- _Exercise brief_: The expected response is the full listing, retyped exactly, without its images.

*** Given data

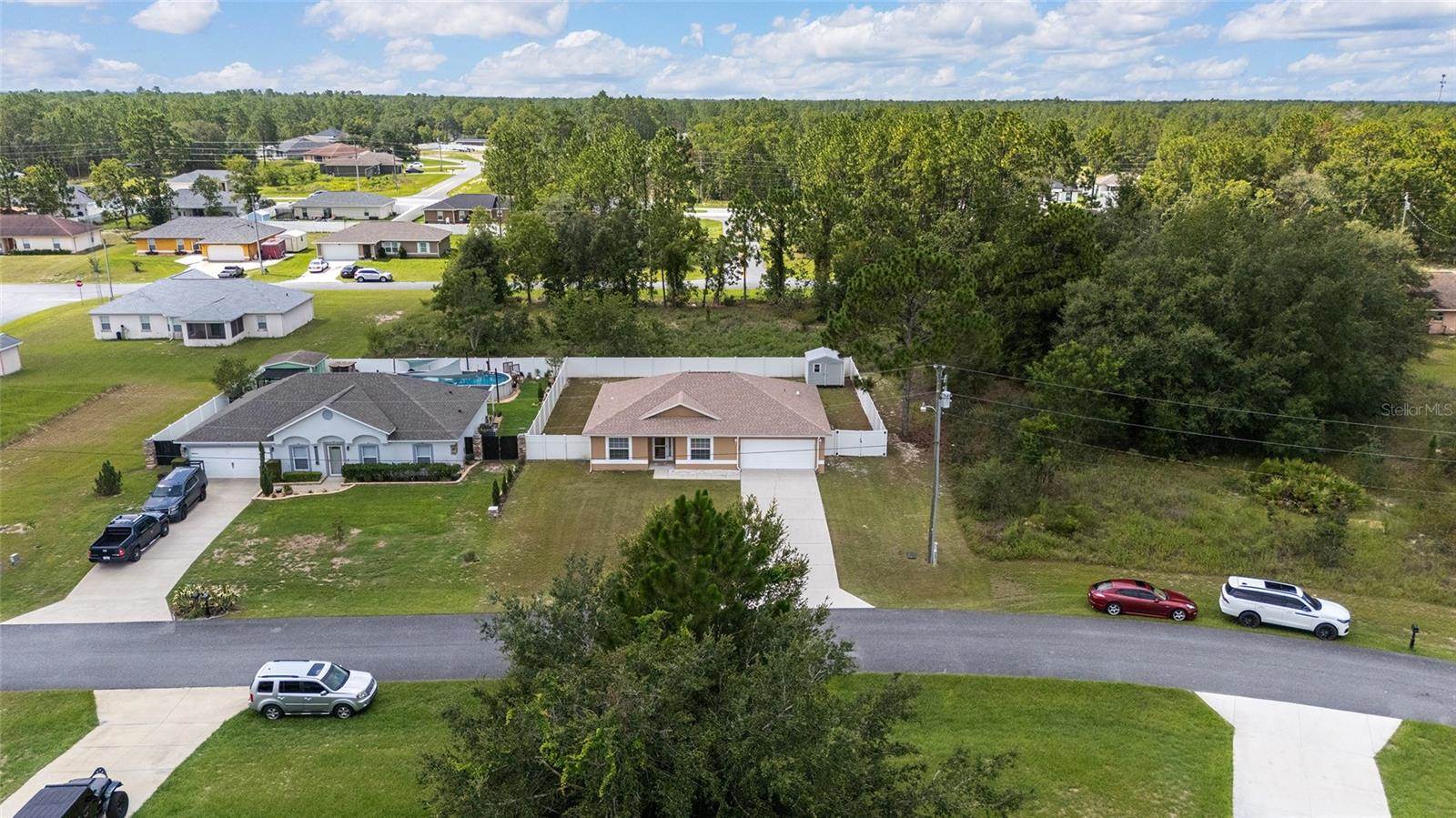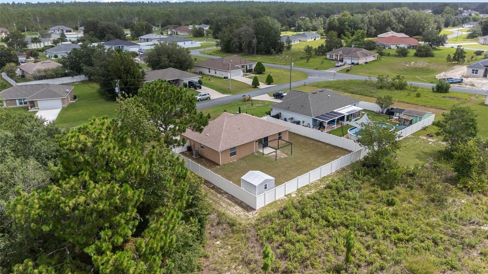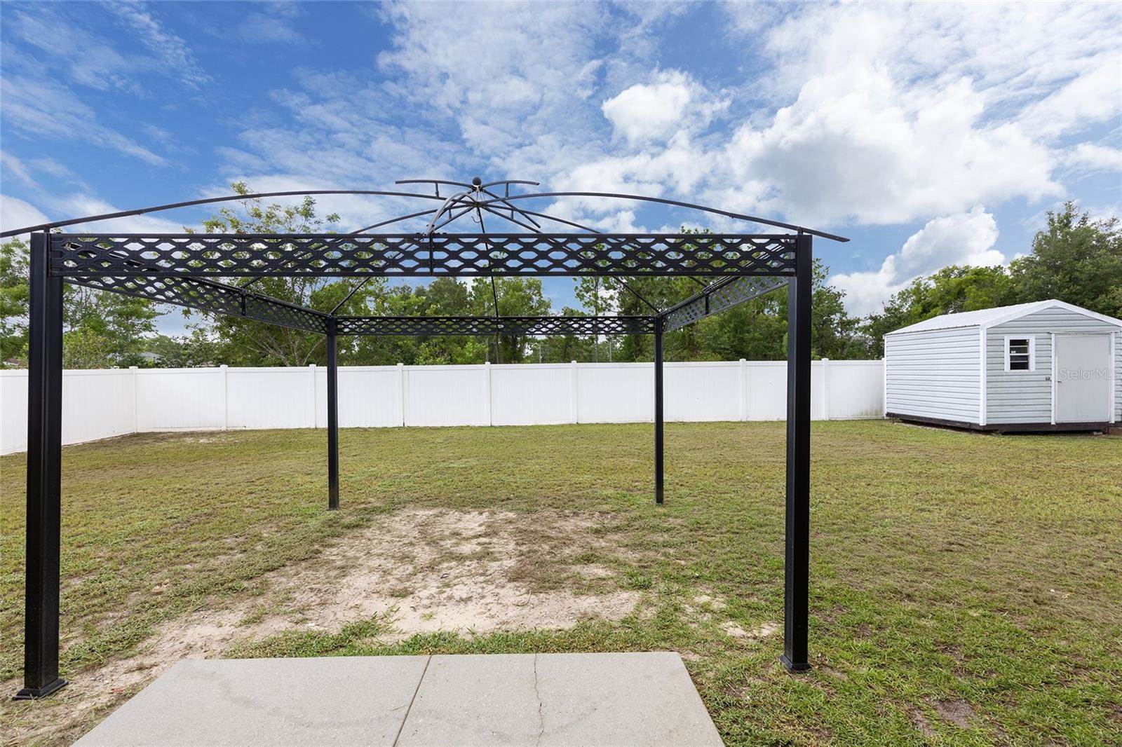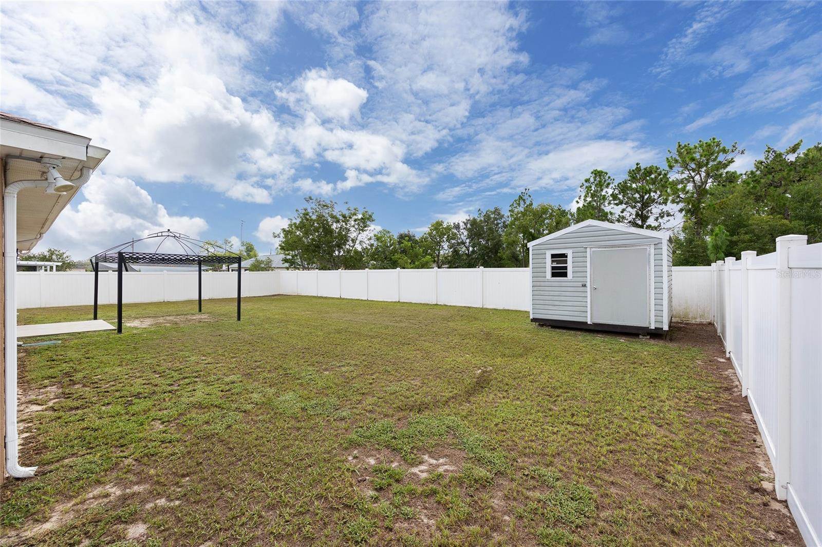 bedrooms and a full guest bath complete the layout. Outside, enjoy a fully fenced yard with white PVC fencing, an 8x8 shed, and a rear patio slab with a freestanding cabana. Located near HWY 484, I-75, shopping, parks, and schools. This home combines value,
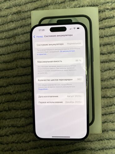 Продается iPhone 15. 1. Черный цвет 2. 128 ГБ 3. Две физические SIM-карты 4. Состояние батареи 90% 5. 481 цикл зарядки Недостатки: 1. Небольшие царапины сверху и по бокам 2. Очень небольшая трещи...
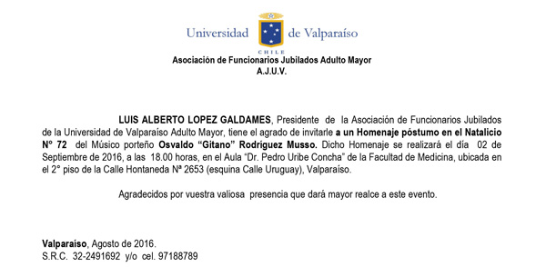 Luis Alberto López Galdames, Presidente de la Asociación de Funcionarios Jubilados de la Universidad de Valparaíso Adulto Mayor, tiene el agrado de invitarle a un Homenaje póstumo en el Natalicio N° 72 del Músico porteño Osvaldo “Gitano” Rodríguez Musso. Dicho Homenaje se realizará el día 02 de Septiembre de 2016, a las 18.00 horas, en el Aula “Dr. Pedro Uribe Concha” de la Facultad de Medicina, ubicada en el 2° piso de la Calle Hontaneda Nª 2653 (esquina Calle Uruguay), Valparaíso.
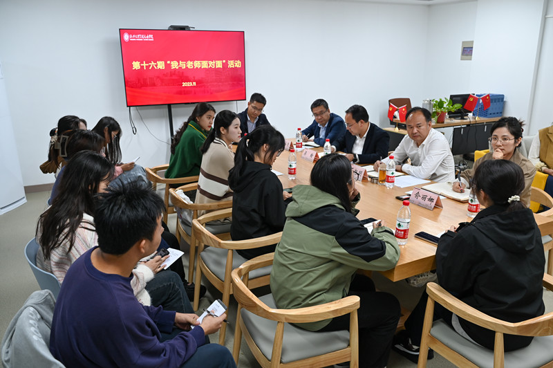 11月9日晚,学院第十六期“我与老师面对面”活动在学院“一站式”学生社区服务中心举行。学院党委书记梁瑜出席会议,相关职能部门负责人、2023级学生代表参加活动,党委副书记石旭明主持活动。

******

- _Reply_:
 bedrooms and a full guest bath complete the layout. Outside, enjoy a fully fenced yard with white PVC fencing, an 8x8 shed, and a rear patio slab with a freestanding cabana. Located near HWY 484, I-75, shopping, parks, and schools. This home combines value,
 Продается iPhone 15. 1. Черный цвет 2. 128 ГБ 3. Две физические SIM-карты 4. Состояние батареи 90% 5. 481 цикл зарядки Недостатки: 1. Небольшие царапины сверху и по бокам 2. Очень небольшая трещи...
 Luis Alberto López Galdames, Presidente de la Asociación de Funcionarios Jubilados de la Universidad de Valparaíso Adulto Mayor, tiene el agrado de invitarle a un Homenaje póstumo en el Natalicio N° 72 del Músico porteño Osvaldo “Gitano” Rodríguez Musso. Dicho Homenaje se realizará el día 02 de Septiembre de 2016, a las 18.00 horas, en el Aula “Dr. Pedro Uribe Concha” de la Facultad de Medicina, ubicada en el 2° piso de la Calle Hontaneda Nª 2653 (esquina Calle Uruguay), Valparaíso.
 11月9日晚,学院第十六期“我与老师面对面”活动在学院“一站式”学生社区服务中心举行。学院党委书记梁瑜出席会议,相关职能部门负责人、2023级学生代表参加活动,党委副书记石旭明主持活动。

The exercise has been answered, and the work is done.